#### DATA BELOW:
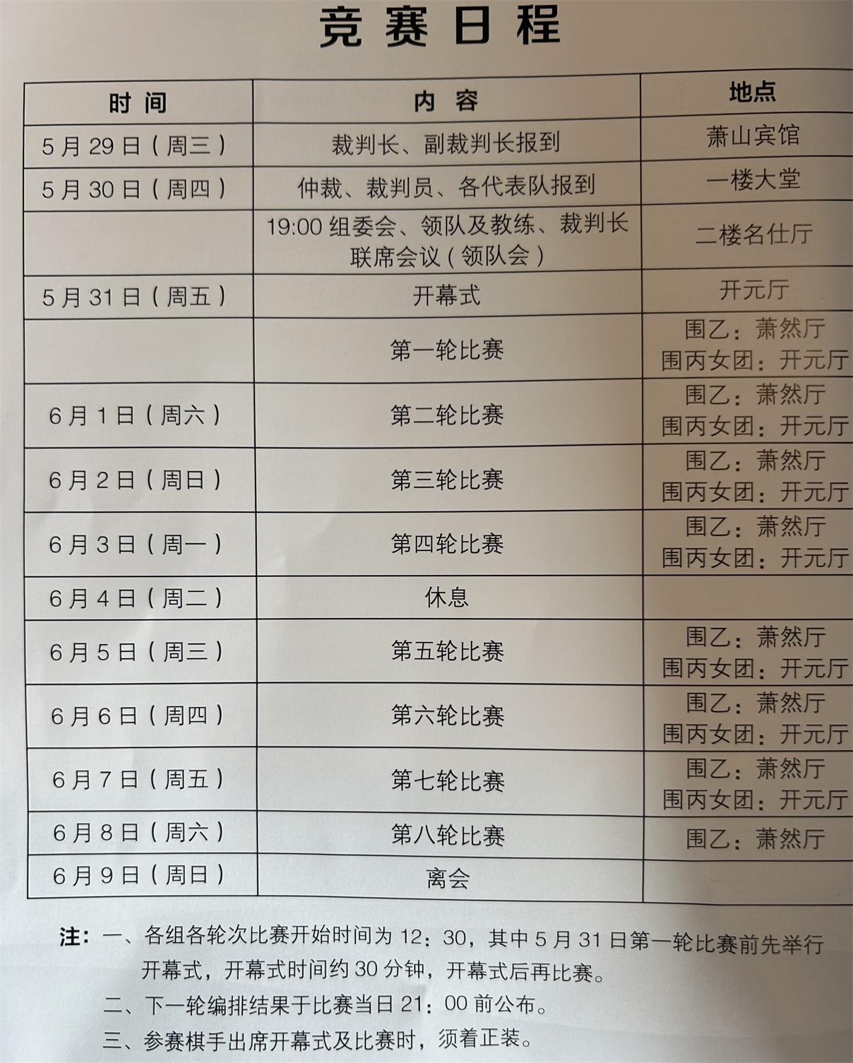 比赛将于2024年5月31日-6月8日在浙江省杭州市萧山区进行,其中围乙8轮,围丙、女团各7轮,共有16支围乙队、33支围丙队和18支女子团体队,共计250位棋手报名参赛,其规模之大、看点之多都大大超过往届比赛。
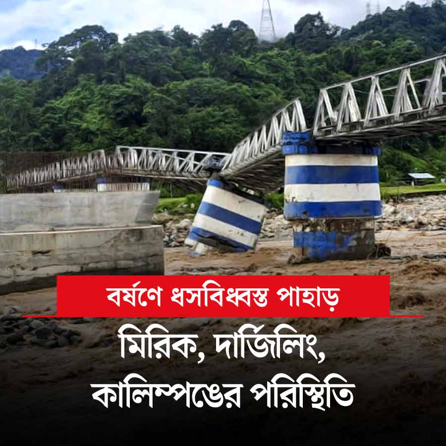 প্রায় ১২ ঘণ্টার টানা বৃষ্টিতে বিপর্যস্ত উত্তরবঙ্গের পাহাড়। কোথাও ধসে ঘরবাড়ি, সেতু ভেঙে পড়েছে। কোথাও ক্ষতিগ্রস্ত রাস্তাঘাট। পুজো মিটতে না-মিটতেই এই বিপর্যয়ে অন্তত ২০ জনের মৃত্যু হয়েছে। সবচেয়ে বেশি ক্ষতিগ্রস্ত মিরিক। ফুঁসছে তিস্তা। ক্ষতিগ্রস্ত কালিম্পংও। পুজোর সময় পাহাড়ে ঘুরতে যাওয়া বহু পর্যটকই সেখানে আটকে পড়েছেন। তাঁদের উদ্ধারের চেষ্টা চালানো হচ্ছে।
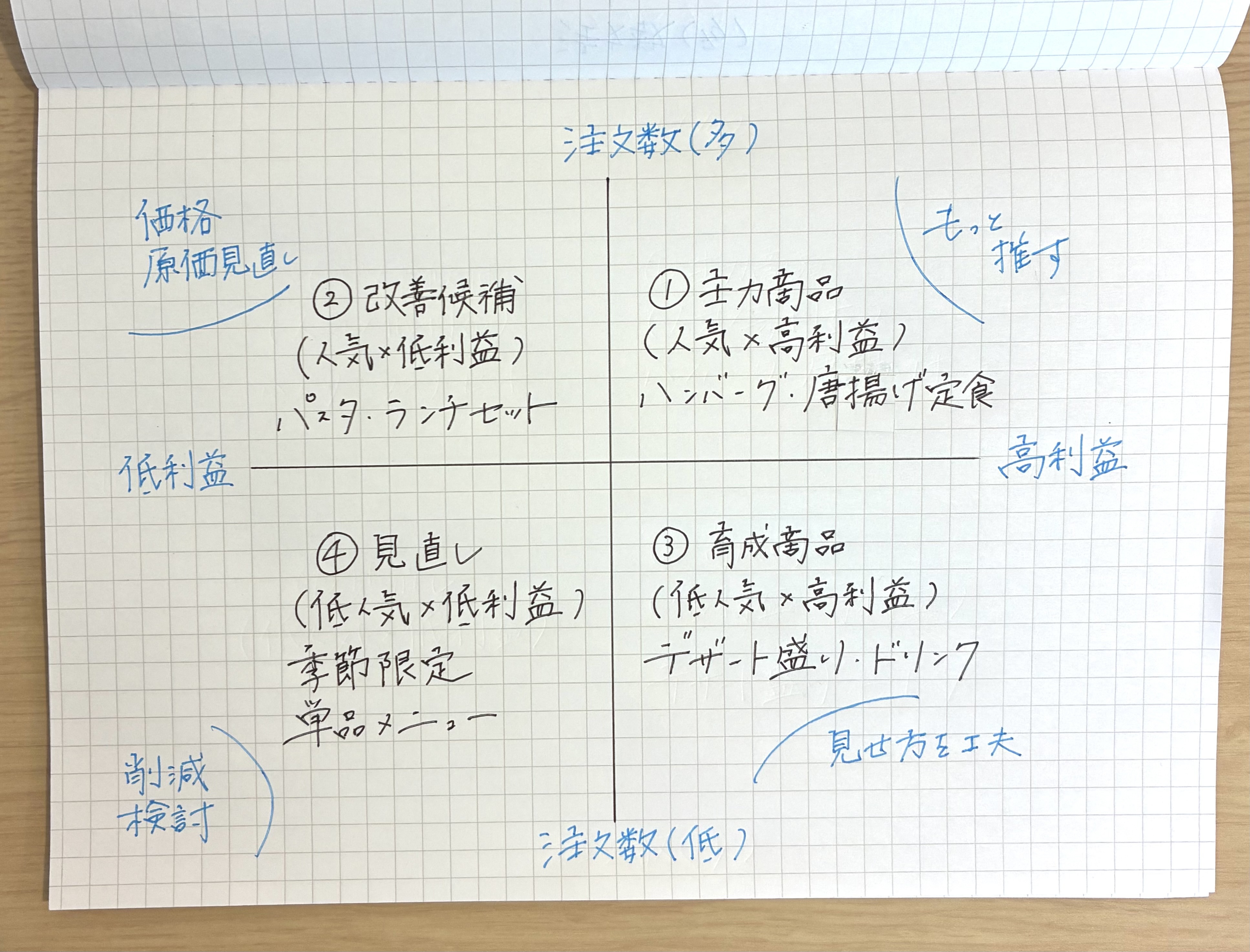 方眼ノートのマス目を利用して、これらのフレームワークを作ってみましょう。
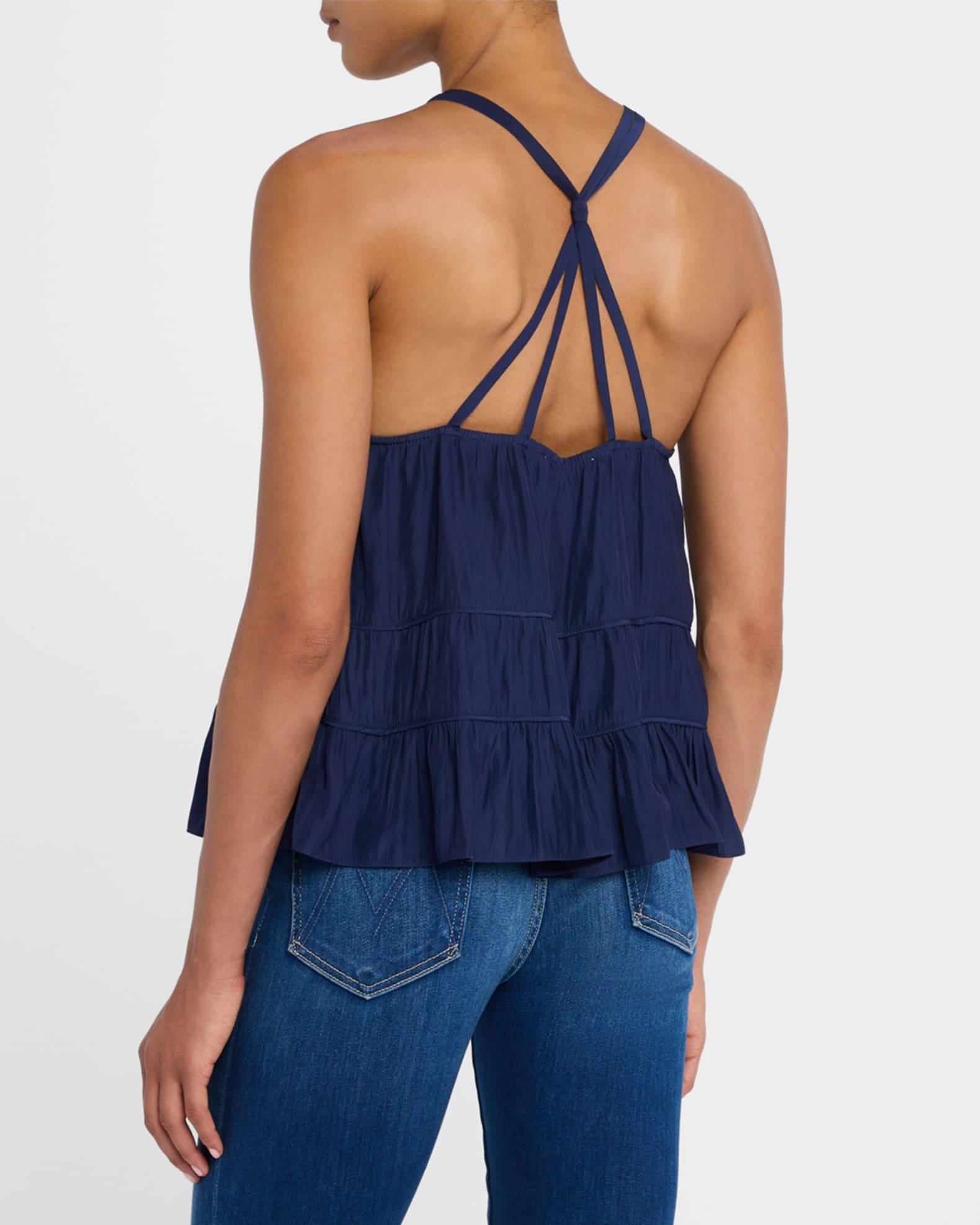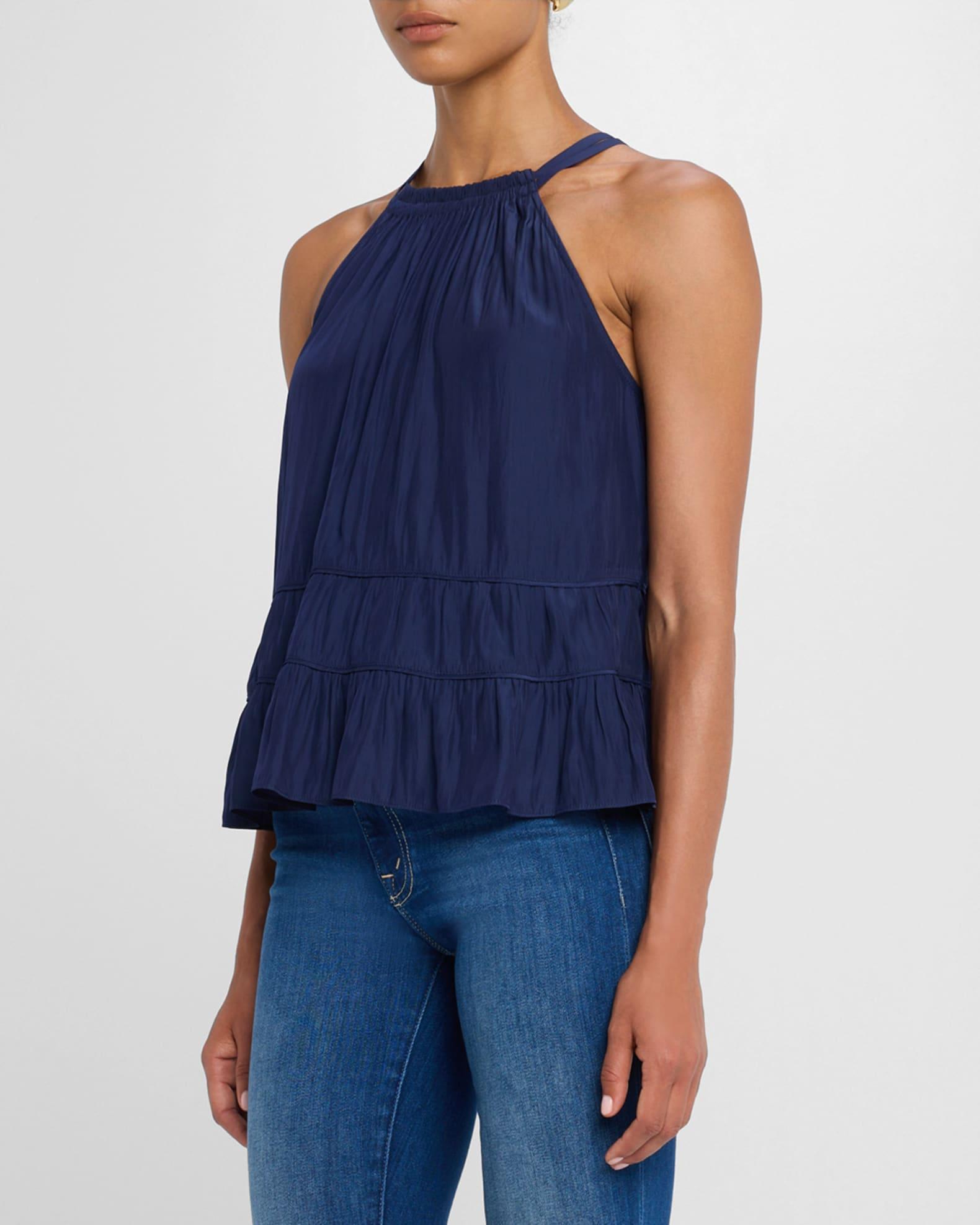 Ramy Brook "Dana" tiered blouse with gathered detailing throughout and a strappy back accent Approx. 23"L from shoulder to hem Halter neckline Sleeveless Relaxed fit Hip length Slipover style Polyester Dry clean Imported

#### YOUR GOAL:
Set down the material once more, exactly, with the pictures omitted.

#### EXERCISE RESPONSE:
 比赛将于2024年5月31日-6月8日在浙江省杭州市萧山区进行,其中围乙8轮,围丙、女团各7轮,共有16支围乙队、33支围丙队和18支女子团体队,共计250位棋手报名参赛,其规模之大、看点之多都大大超过往届比赛。
 প্রায় ১২ ঘণ্টার টানা বৃষ্টিতে বিপর্যস্ত উত্তরবঙ্গের পাহাড়। কোথাও ধসে ঘরবাড়ি, সেতু ভেঙে পড়েছে। কোথাও ক্ষতিগ্রস্ত রাস্তাঘাট। পুজো মিটতে না-মিটতেই এই বিপর্যয়ে অন্তত ২০ জনের মৃত্যু হয়েছে। সবচেয়ে বেশি ক্ষতিগ্রস্ত মিরিক। ফুঁসছে তিস্তা। ক্ষতিগ্রস্ত কালিম্পংও। পুজোর সময় পাহাড়ে ঘুরতে যাওয়া বহু পর্যটকই সেখানে আটকে পড়েছেন। তাঁদের উদ্ধারের চেষ্টা চালানো হচ্ছে।
 方眼ノートのマス目を利用して、これらのフレームワークを作ってみましょう。
 Ramy Brook "Dana" tiered blouse with gathered detailing throughout and a strappy back accent Approx. 23"L from shoulder to hem Halter neckline Sleeveless Relaxed fit Hip length Slipover style Polyester Dry clean Imported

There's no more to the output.